→ **Study material**:
= = = =

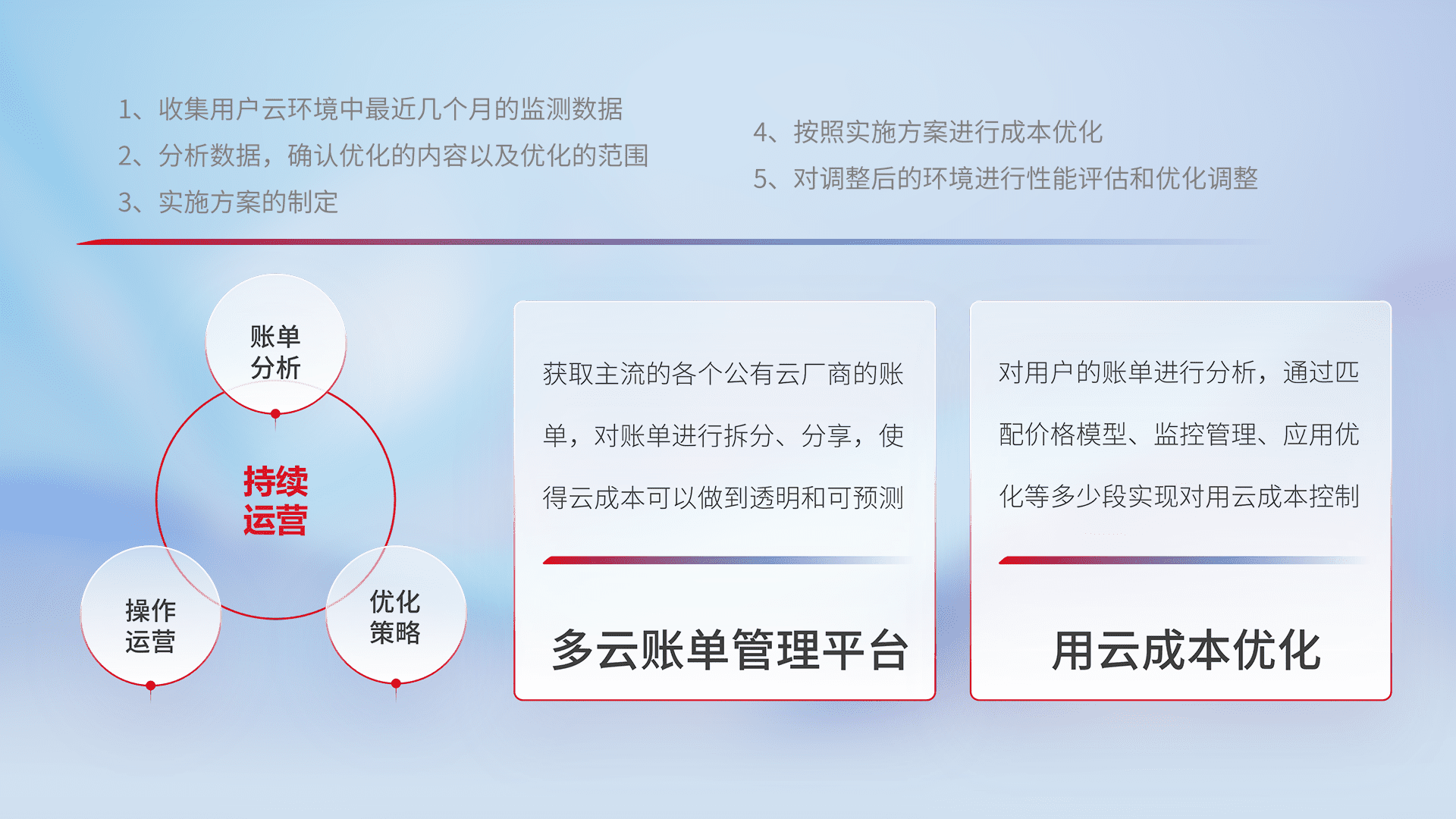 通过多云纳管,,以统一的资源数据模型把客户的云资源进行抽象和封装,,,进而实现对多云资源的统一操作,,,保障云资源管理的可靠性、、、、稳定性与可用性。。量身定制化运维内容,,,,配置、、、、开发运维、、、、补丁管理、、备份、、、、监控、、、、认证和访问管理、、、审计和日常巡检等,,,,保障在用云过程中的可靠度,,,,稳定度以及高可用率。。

= = = =

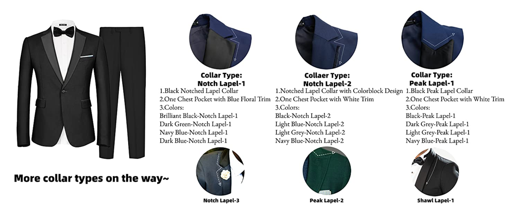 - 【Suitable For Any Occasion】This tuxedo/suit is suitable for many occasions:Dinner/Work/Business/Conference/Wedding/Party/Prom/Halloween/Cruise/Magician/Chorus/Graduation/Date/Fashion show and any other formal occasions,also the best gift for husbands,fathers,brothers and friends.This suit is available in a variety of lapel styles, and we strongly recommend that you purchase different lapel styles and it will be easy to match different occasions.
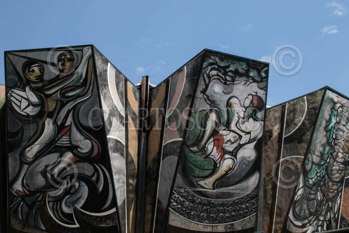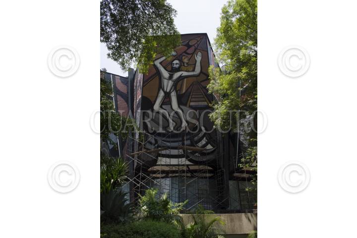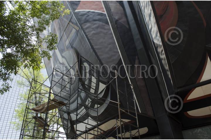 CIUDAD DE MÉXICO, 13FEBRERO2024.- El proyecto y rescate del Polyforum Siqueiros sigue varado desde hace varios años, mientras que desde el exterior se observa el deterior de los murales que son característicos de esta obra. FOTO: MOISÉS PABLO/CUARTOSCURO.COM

= = = =

→ **Task requirements**:
Where a picture appears in the records above, omit it, and transcribe exactly the stretch of lines from the one with "- 【Suitable For" through the one with "CIUDAD DE MÉXICO, 13FEBRERO2024.- El".

→ **Solution to this exercise**:
 - 【Suitable For Any Occasion】This tuxedo/suit is suitable for many occasions:Dinner/Work/Business/Conference/Wedding/Party/Prom/Halloween/Cruise/Magician/Chorus/Graduation/Date/Fashion show and any other formal occasions,also the best gift for husbands,fathers,brothers and friends.This suit is available in a variety of lapel styles, and we strongly recommend that you purchase different lapel styles and it will be easy to match different occasions.
 CIUDAD DE MÉXICO, 13FEBRERO2024.- El proyecto y rescate del Polyforum Siqueiros sigue varado desde hace varios años, mientras que desde el exterior se observa el deterior de los murales que son característicos de esta obra. FOTO: MOISÉS PABLO/CUARTOSCURO.COM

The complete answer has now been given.